As mentioned in a previous update, work will be done on the application-level load balancing to ensure that this type of failure is handled more elegantly in the future.

Maintenance completed and issues resolved.

Wednesday, December 12th, 2007 at 1:01 pm

Our systems engineers have completed the maintenance and restored the authentication server successfully.  The memory upgrade was seamless and we do not anticipate any further disruptions in service but will be monitoring all of the services closely for the next 24 hours.

Mail delays due to this issue

Wednesday, December 12th, 2007 at 11:48 am

As a result of the issues this morning, customers may be experiencing some delays with both inbound and outbound emails.  We do not anticipate any loss of emails and that all emails will be delivered shortly.

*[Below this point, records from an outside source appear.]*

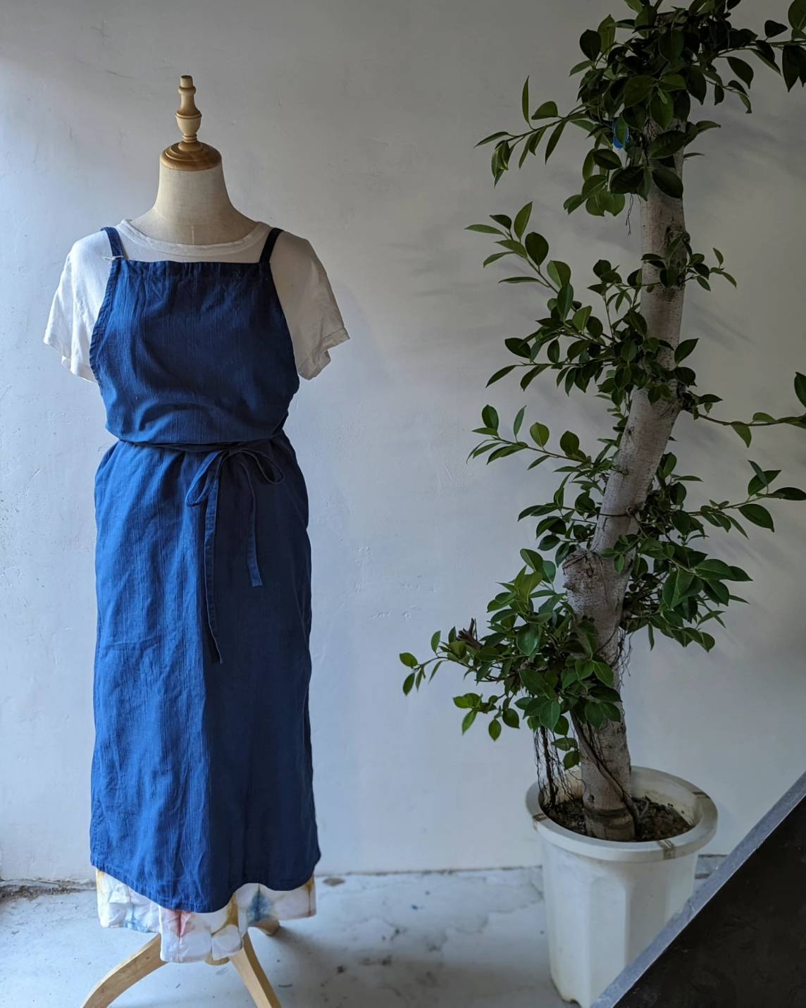 Aラインロングエプロン(シャンタン藍染ver.)
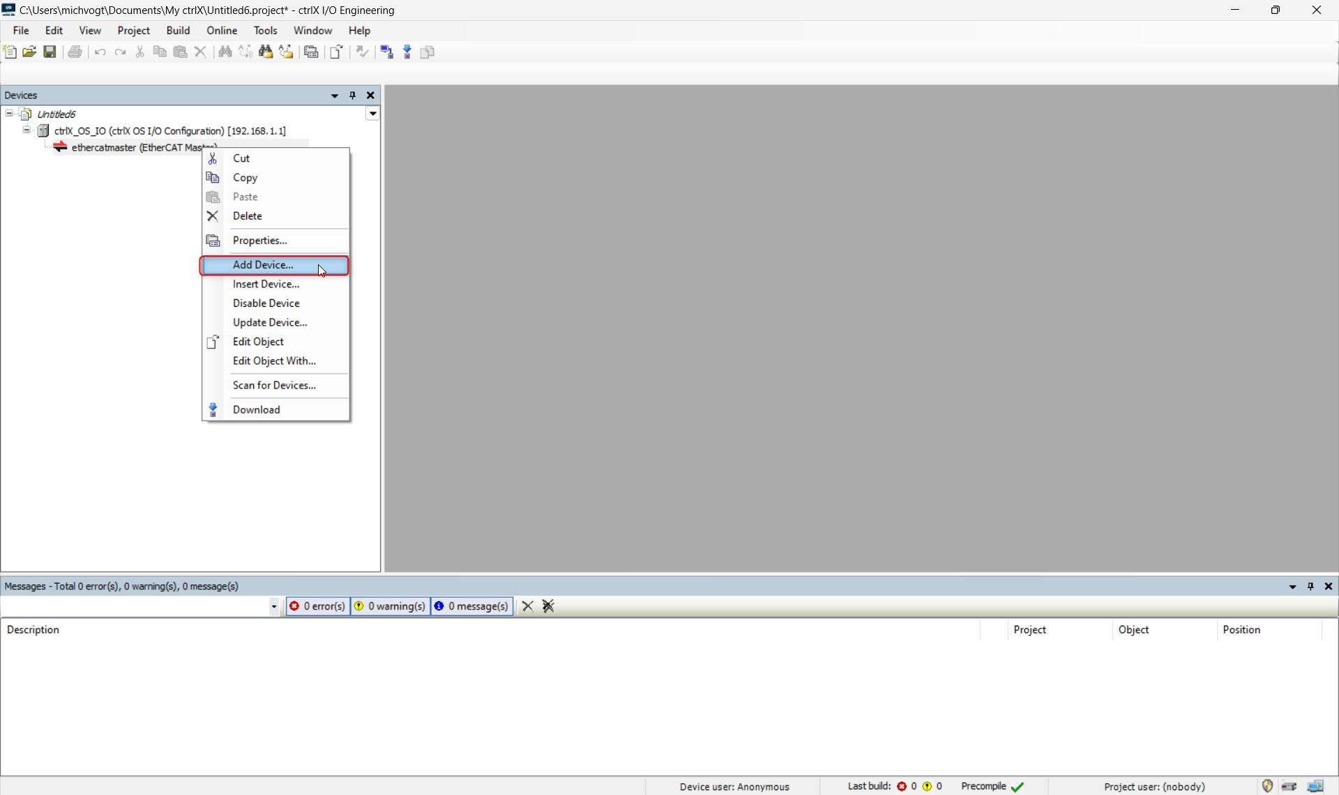 Add the device by right-clicking on the EtherCAT master:
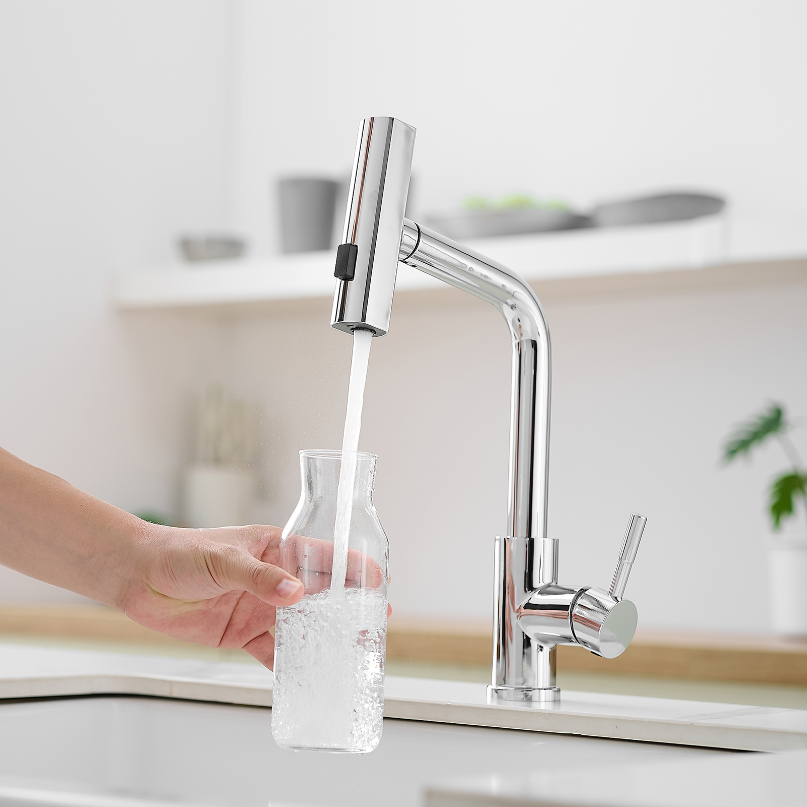 FLG 360° Rotation Pull-Down Kitchen Faucet with 3 Spray Modes -Chrome /Stainless Steel High-Arc Sink Faucet. Designed as a practical decorative lighting piece that supports everyday use while helping complete the look of the space. Material: Stainless Steel. Product dimensions and weight: length 17.5, width 13.6, height 2.8, weight 4.3.
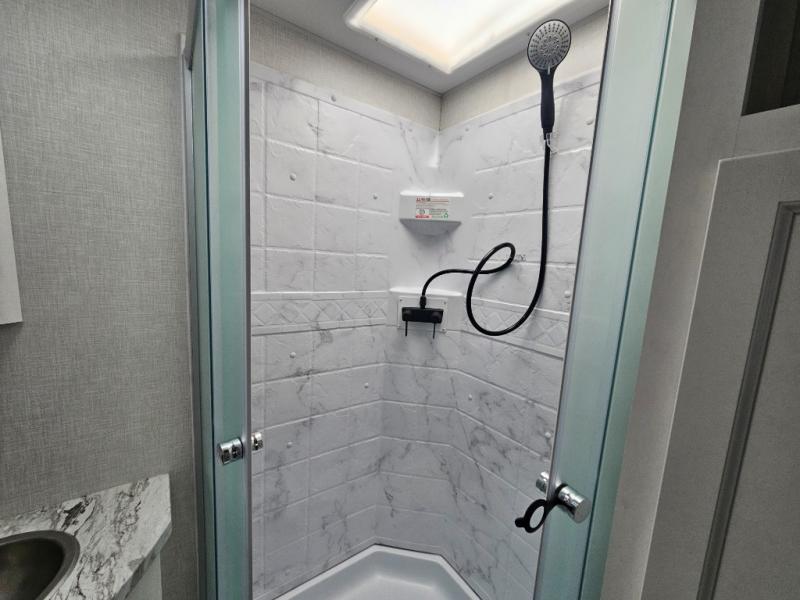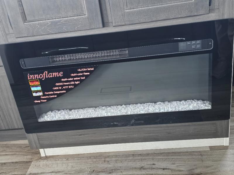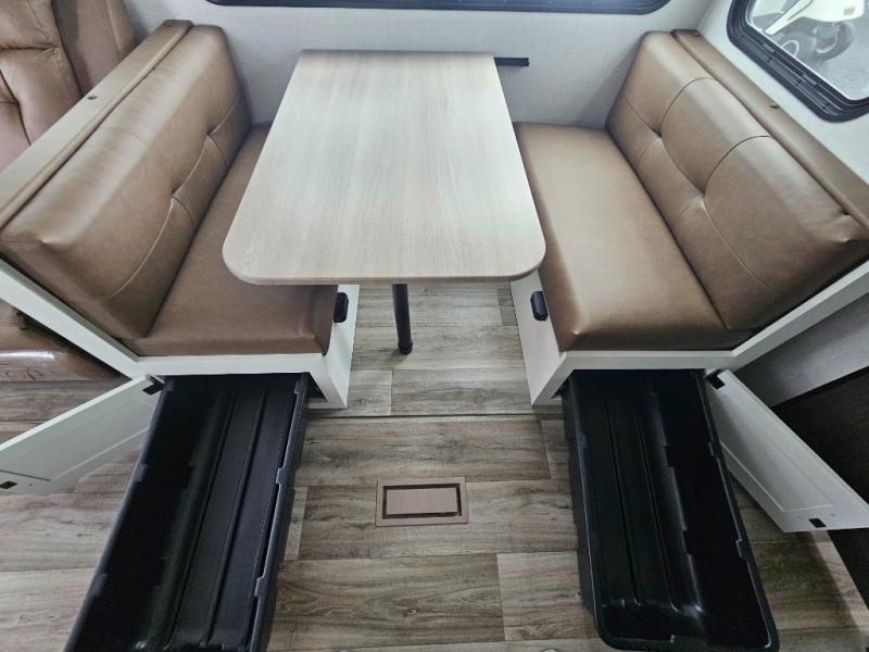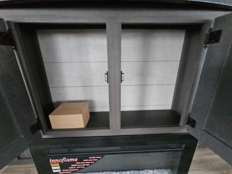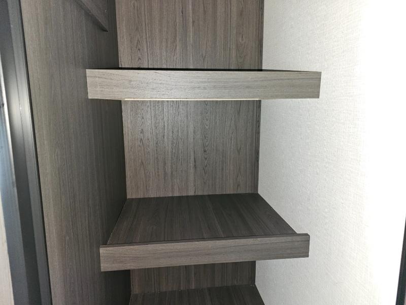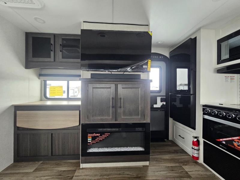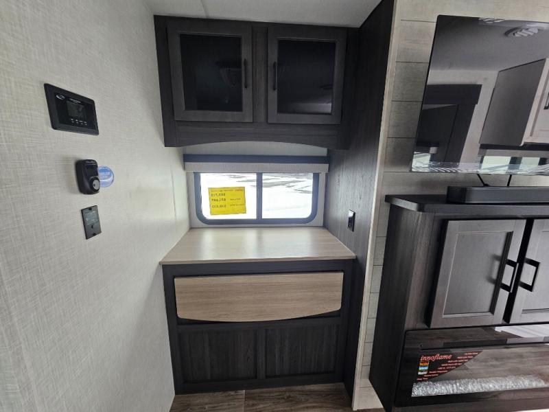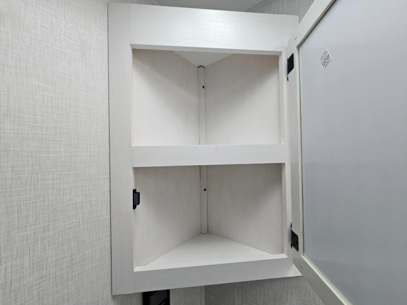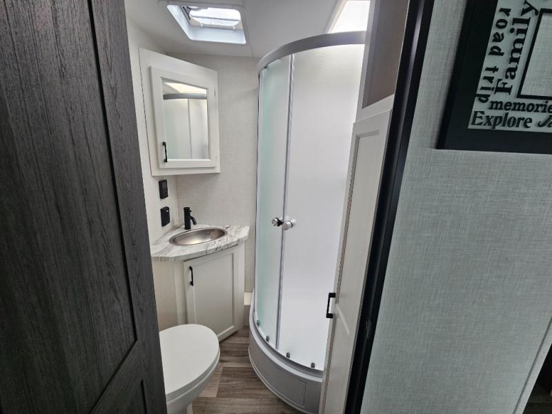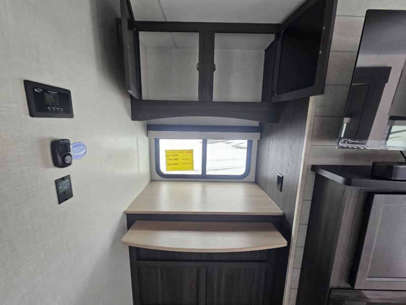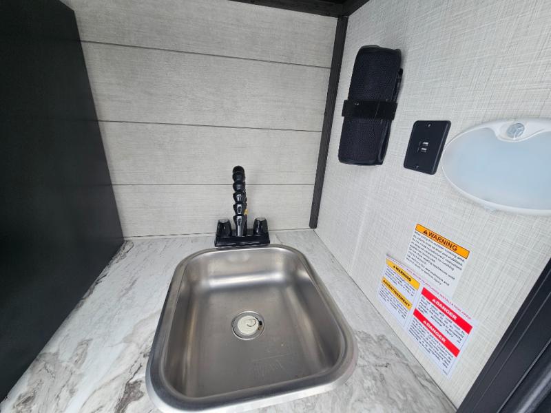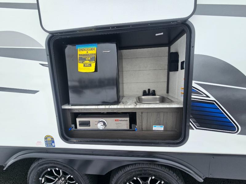 The chef will love the open rear kitchen area of this travel trailer! The 10 cu. ft. 12V refrigerator is big enough to hold your perishables and the flip countertop area is the perfect place for a coffee bar. You can even cook outside with the campfire café that has a refrigerator, a sink, and a griddle to grill some burgers while breathing in fresh air. Just be sure to grab your coat hanging on the coat hooks in the walk-in pantry before heading out the door. A 70" sofa and Sit N' Slide table adds more interior space, as well as comfortable places to eat, relax, and even sleep once converted. Everyone can freshen up in the full bathroom with the 34" radius shower and even have their towel close by thanks to the linen closet next to it!
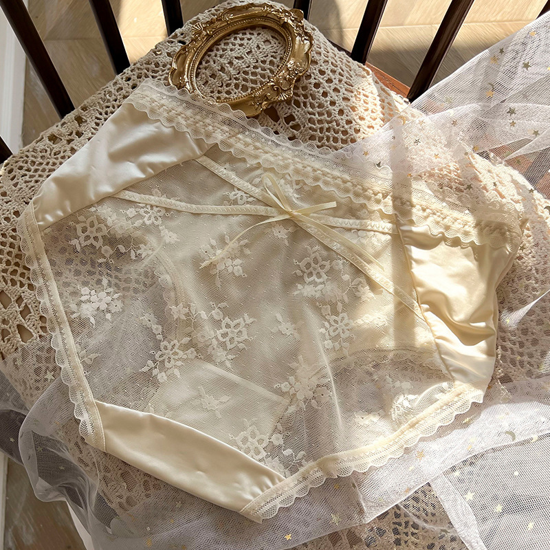 爆款法式缎面蕾丝内裤女小心机包臀桑蚕丝裆中腰女士内裤
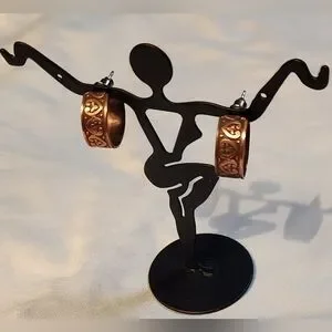 These elegant copper earrings feature a charming heart pattern. stainless steel posts. perfect for lower earlobe or mid ear cuff piercings. vintage
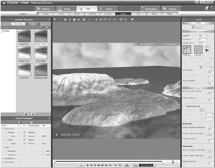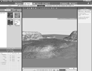 После небольшого ознакомления с программой переходим к созданию видео. Заходим на вкладку Stage (Этап) - 3dScene (3d сцены). В Content manager (права менеджера) видим уже несколько готовых сцен. Выбираем сцену каньон и эта сцена появится в трехмерной сцене. Теперь зайдем в Atmosphere (Атмосфера) и выберем атмосферу «солнечно». Открываем вкладку Light(Свет) и выберем Directional (Направленный). Теперь в Modify (Изменения) настраиваем свет так, чтобы свет падал на ту область, где будет происходить какое-то действие. После того как свет настроили переходим на вкладку Set (Набор) - Water (Воды) и выбираем воду «легкие волны». В изменениях регулируем размер волны и скорость течения волн. Также можно настроить отражение и преломление. Дальше открываем вкладку Sky (Небо) и выбираем небо, которое больше всего подходит к нашему пейзажу. Так же вместо неба можно поставить анимационное видео, для этого надо зайти в Video (Видео) и выбрать то, которое больше всего понравиться, и подойдет к пейзажу, например «диффузные воды». Можно сказать, что половина видео готова.
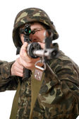 Zdjęcie "uzbrojony mężczyzna wskazując broń" może być wykorzystywane do celów osobistych i komercyjnych zgodnie z warunkami zakupionej licencji Royalty-free. Obraz jest dostępny do pobrania w jakości wysokiej rozdzielczości do 5760x3840.

Systems engineers have also completed the maintenance on our authentication server and are in the process of bringing this server back online.

Issue has returned

Wednesday, December 12th, 2007 at 11:33 am

It seems that our temporary solution to this issue was much shorter than anticipated.  We had a brief momentary recurrence of this issue and have decided to remove this member of the redundant authentication subsystem so that we can further investigate the root cause of this issue as well as perform the memory upgrade ahead of schedule.  There should be no customer impact as a result of this removal due to the redundant architecture of the system.  We will provide another update after the maintenance has been completed.

Authentication issues resolved

Wednesday, December 12th, 2007 at 10:54 am

It appears that the root cause of the issues today was due to a performance degradation of one of the members of the authentication cluster. Though the system was equipped with what has historically been sufficient physical memory, it exceeded those limitations and began to swap, thus causing authentication failures for applications that need this service in order to connect.
Though this system has internal redundancies, this “degraded state” was handled less cleanly than if a “complete failure” of that node had actually occurred.
We have temporarily resolved the issue by restarting the authentication services which has cleared up the aberrant over-utilization of physical memory.
Remedies:
• A memory upgrade on the hardware to ensure that there is sufficient memory to prevent these issues. We do not anticipate any downtime associated with the hardware upgrade and expect a seamless operation.
• Monitoring for this exceptional case will also be added to the system. The application-level load balancing code is being reviewed to see if this case could have been detected and avoided more cleanly.

Authentication issues on (gs) Grid.Cluster.2

Wednesday, December 12th, 2007 at 9:22 am

Customers on (gs) Grid.Cluster.2 may be experiencing issues with connecting to email, FTP, SSH and any services that require authentication. Our systems engineers are currently investigating the issue and will provide further updates shortly.
Thank you for your patience and understanding.